All of the memory used by the system is kept within the microcontroller. The microcontroller has 16 kB of ROM used to store the primary boot loader, 512kB of embedded flash to store the actual program data for the system, and 64 kB of SRAM as scratch space. There is no external memory support. It takes one cycle

to access data from SRAM, as well as from flash (FIXME confirm this, I know flash is emulated, and that for a long time they had cache disabled, probably because of single cycle memory access timing). ROM, e-flash, and SRAM are mapped to the processors address space and can be accessed directly.
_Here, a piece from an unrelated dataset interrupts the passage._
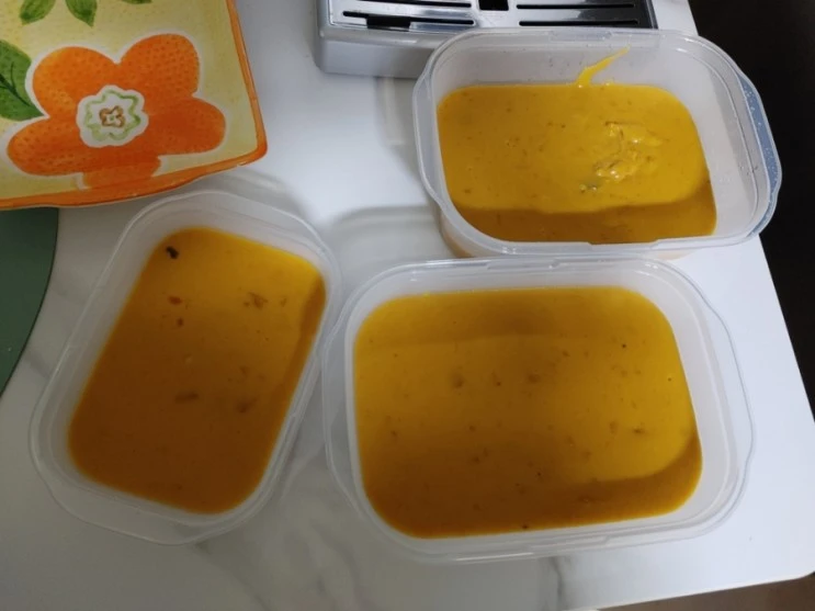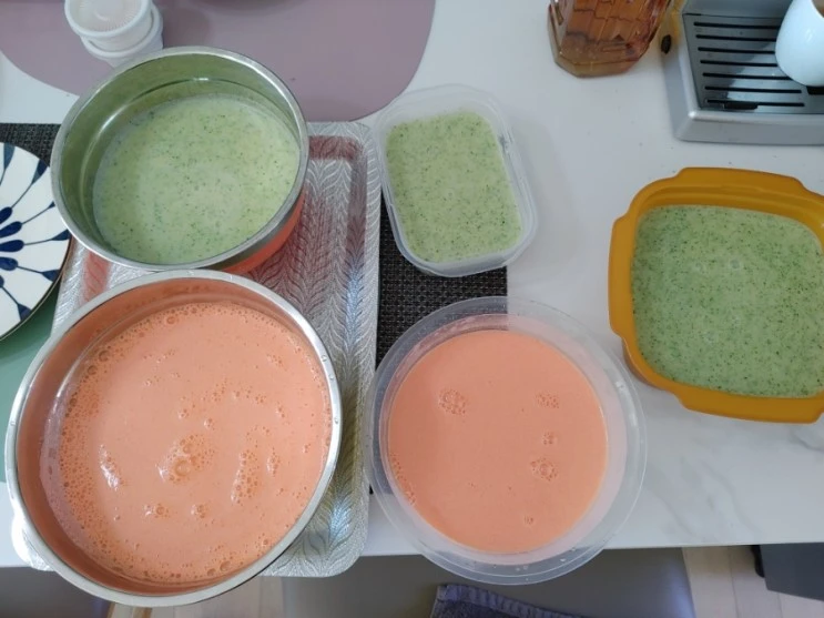 그리고 아래에 같이 용기에 나눠 담아 냉동실에 2-3시간 정도 넣어둔다.

The Earl Grey microcontroller supports GPIO, SPI, UART, and JTAG interfaces to interface with it. Internally, it uses a customized data bus to connect all internal peripherals to the CPU (TLUL bus interconnect). (FIXME what is the bandwidth of the different components?)

### 2.2 Operating system

The operating system is Tock, an "embedded operating system designed for running multiple concurrent, mutually distrustful applications on Cortex-M and RISC-V based embedded platforms" (https://github.com/tock/tock). The internals of the operating system are written in Rust ("trusted" components can be written in unsafe Rust, but drivers, known as capsules, must be written using safe Rust), and it uses the Ibex PMP support to segregate running applications from each other.
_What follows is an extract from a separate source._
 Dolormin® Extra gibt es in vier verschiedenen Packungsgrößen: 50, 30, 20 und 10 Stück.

(FIXME need to determine what version/release/commit of Tock to use).

## 3 Experiments

# 4 Operations

The goal of an embedded operating system is to keep overhead low. This is because embedded operating systems run on much slower hardware. For example there is an over 15000x performance difference between the latest AMD CPUs [3] and the Earl Grey CPU we used [1]. To determine the overhead we ran a series of micro-benchmarks to measure common operations. These can be roughly grouped into the categories Context Switching, Memory access, Inter process communication, and disk access. In this section we discuss our methodologies and results for each of these categories.

### 4.1 Context Switching

A context switch is the most basic operation in any program. This includes the time it takes to make a procedure call, system call, start a new task, or switch to a running tasks. We first measured the overhead of a time measuring operation. Using the RDCYCLE and RDCYCLEH instructions we can measure how many CPU cycles an operation took. To measure the measurement overhead we repeatedly start and stop and start the measurement and measure the increase in time of each additional start and stop.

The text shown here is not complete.